Process metrics provide information about the processes that run in your servers. For example, you can use these metrics to explore the number of processes, or get client or server information.
Network metrics provide information about the network. They offer insight to the connections that are established between your applications, containers, and servers. For example, you can find information about the bytes that are being sent or received, or the number of HTTP requests, connections, and latency. In addition, for SQL or MongoDB, the agent collects additional information when it is configured in troubleshooting mode.

The Monitoring agent automatically collects the following types of metrics per Kubernetes cluster:

State metrics: Kube state metrics report on the health and state of the various objects that run inside Kubernetes components, such as deployments, nodes and pods. To see the list of metrics that are collected by default, see Kubernetes State.
Resource usage metrics: Resource usage metrics reports on the health and state of CPU and memory for workers (nodes) and pods that are running in the cluster. The data can be analyzed by namespace, by worker, by pod, by workload object such as deployments, daemonSets, and more.

For a list of collected metrics, see Metrics Available for orchestrated environments.

Through the Monitoring UI, you can analyze data in the Advisor tab, the Explore tab, and in the Dashboard tab. You monitor the data through metric views and dashboards.

Consider the following information when monitoring your data:

In the Explorer tab, you can monitor individual metrics.
In the Advisor tab, you can monitor Kubernetes or host level metrics.

This tab is only available for users that belong to a team that has access to monitor Kubernetes or host level metrics.
In the Dashboard tab, you can monitor through panels predefined dashboards or custom ones and get a specialized insight into network data, application data, topology, services, hosts, and containers. A panel displays a metric or group of metrics in a dashboard.
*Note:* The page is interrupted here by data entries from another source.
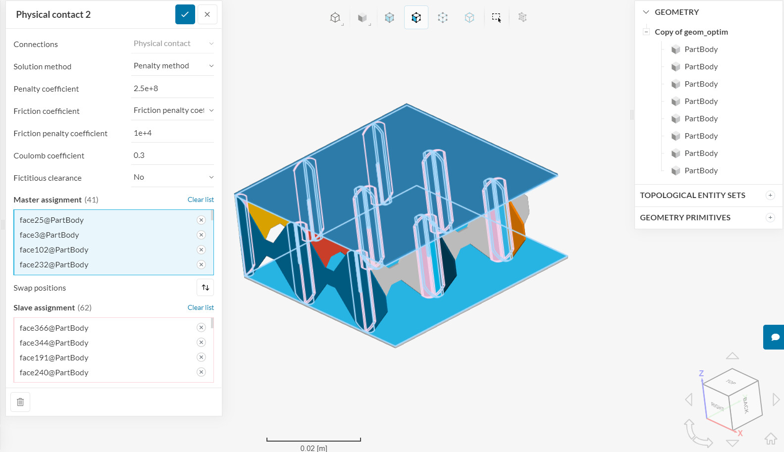 Run 35 36 37 have finished. Only 36 converged without error. Run 36 had the horizontal faces with fixed values ( x and y constrained to 0 and z free). The results give reaction at the supports and are too low ( of order 10^-3 compared to experimental data). Is the penalty coefficient the parameter to be changed to get higher values of reaction ( while keeping the material data same), or mesh refinement at the contact points? Would these help?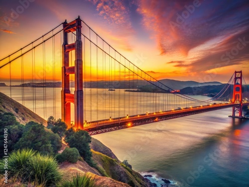 Iconic Golden Gate Bridge twilight, vintage photograph, San Francisco sunset.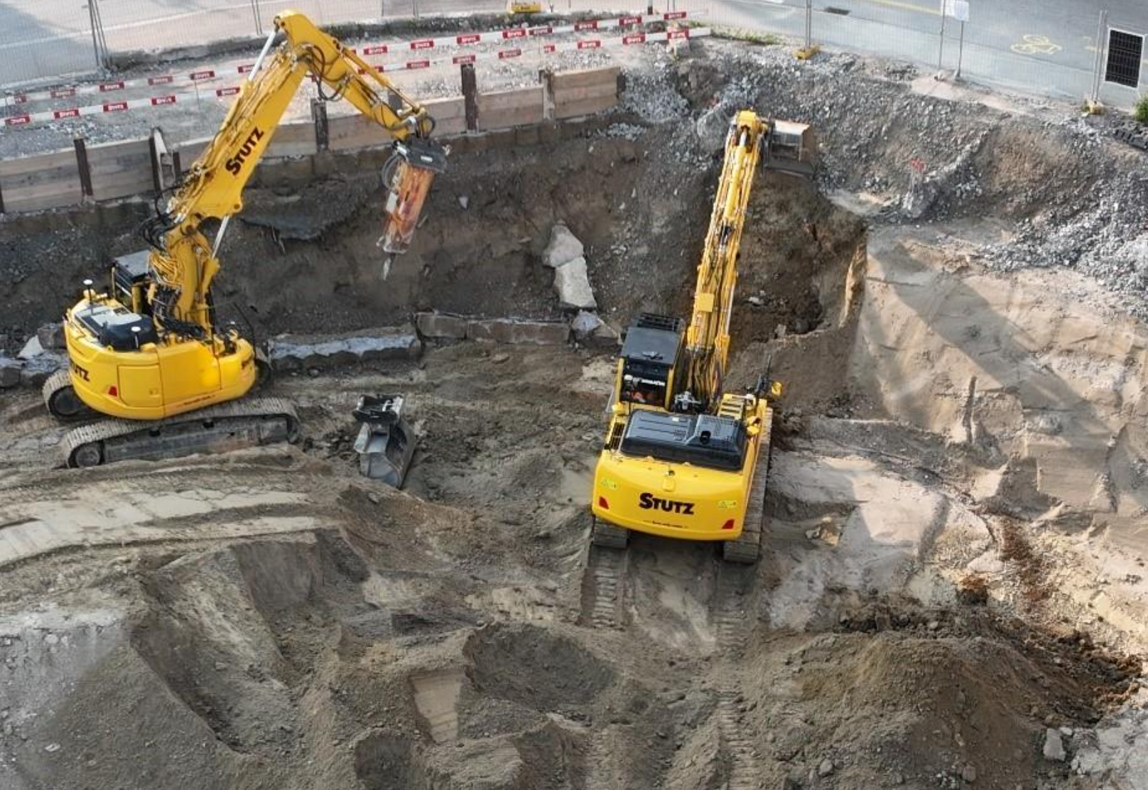 Das Projekt befindet sich in innerstädtischer Lage mit dichter Bebauung und begrenzten Platzverhältnissen. Es bestehen erhöhte Anforderungen an koordinierter Logistik, Sicherheit, Immissionsschutz sowie Koordination. Startend mit dem Rückbau des Industrieareals folgte zeitnah der Baugrubenaushub mit vertikalen Baugrubenabschlüssen.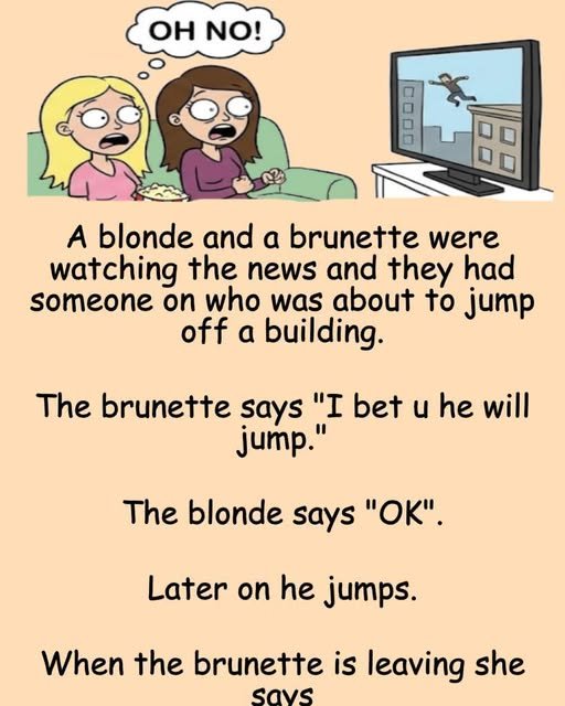 A blonde and a brunette were watching the news and they had someone on who was about to jump off a building.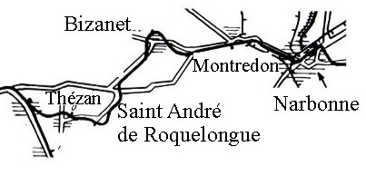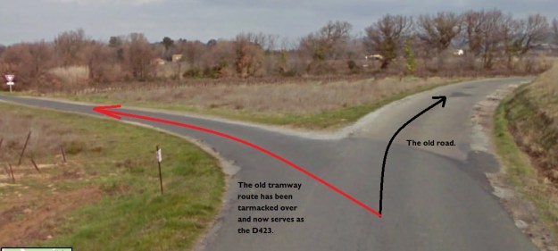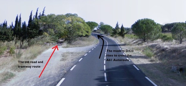 Joseph Pestell comments: “In all these years (40+!), I had never noticed that the caption on that photo of the bridge is wrong. The Petit Verdouble (usually a dry bed) is somewhat further east and does not intersect with the tramway until about a km further east at the junction for Nouvelles. That bridge is indeed over the watercourse (usually dry but a torrent in the 1999 floods) that takes you up past the Mas de Segur towards Palairac.” [22]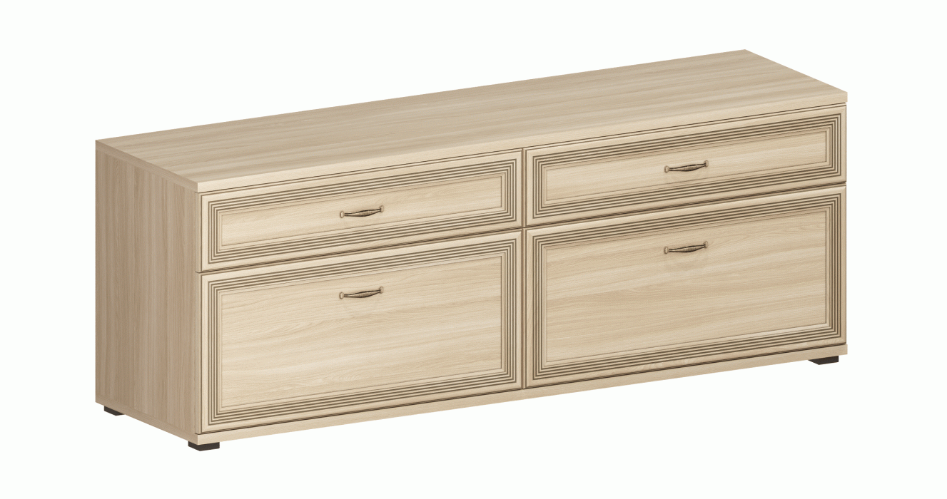 Корпусная мебель для гостиной "Карина" - это модульная мебель. Коллекция включает в себя более 70-ти оригинальных модулей, созданная с их помощью композиция отлично впишется в любое помещение. Программа «Карина» позволит создать уют и гармонию в гостиной. Фасад имеет уникальное сочетание глубокого тиснения и эффекта патины, присущей классическому стилю. Изящество фасада подчеркивает стекло с алмазной гравировкой и фацетом. Мебель изготавливается из высококачественных материалов: ЛДСП, МДФ (фасад) компании Egger имеют класс эмиссии Е1. Коллекция мебели комплектуется высококачественной европейской фурнитурой. Во всех выдвижных ящиках используются направляющие Quadro фирмы Hettich, которые обеспечат долгую превосходную функциональность. Встроенный демпфер Silent System позволяет закрывать ящик плавно и бесшумно. Скрытый монтаж делает механизм в нижней части ящика невидимым глазу, что позволяет не нарушать элегантный дизайн. Петли с доводчиками фирмы Titus обеспечивают бесшумное закрытие створки.
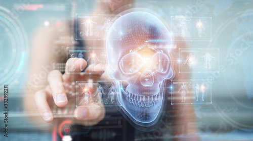 Woman using digital x-ray skull holographic scan projection 3D rendering

For each metric view and dashboard, you can define the scope of the data, how to aggregate data, and what time and group filters to apply to the data. For more information, see Managing panels.

You can configure a dashboard as the default entry point for a team, unifying a team's experience, and allowing users to focus their immediate attention on the most relevant information for them.

For more information, see Viewing metrics.

Objectives

In this tutorial, you configure metrics for your IBM Cloud® Kubernetes Service cluster. In particular, you:

Provision an IBM Cloud Monitoring instance.
Configure the monitoring agent in your cluster to sent metrics.
Use the monitoring UI to analyze your cluster metrics.

Before you begin

Read about Monitoring.
Have a user ID that is a member or an owner of an IBM Cloud account. To get an IBM Cloud user ID, go to: Registration.
Get information about Kubernetes monitoring agent images.
Check the Kubernetes resource requirements.
Install the IBM Cloud CLI and plug-ins:
- IBM Cloud CLI (ibmcloud)
- IBM Cloud Kubernetes Service plug-in (ibmcloud ks)
- IBM Cloud Container Registry plug-in (ibmcloud cr)
- IBM Cloud Kubernetes Service observability plug-in (ibmcloud ob)
Install the Kubernetes CLI (kubectl)

Make sure that the kubectl version is compatible with your cluster version. If the kubectl version is not compatible, you can get an error such as kubectl create clusterrolebinding failed!. You can use kubectl version --short to check versions of your cluster and your kubectl client.
Create a cluster or use an existing IBM Cloud Kubernetes Service cluster.
Make sure that your user ID is assigned the following IBM Cloud® Identity and Access Management policies:

Table 1. List of IAM policies required to complete the tutorial
Resource	Scope of the access policy	Role	Region	Information
Resource group default	Resource group	Viewer	US-south	This policy is required to allow the user to see service instances in the Default resource group.
IBM Cloud Monitoring service	Resource group	Editor	Us-south	This policy is required to allow the user to provision and administer the IBM Cloud Monitoring service in the default resource group.
Kubernetes cluster instance	Resource	Editor	Us-south	This policy is required to configure the secret and the monitoring agent in the Kubernetes cluster.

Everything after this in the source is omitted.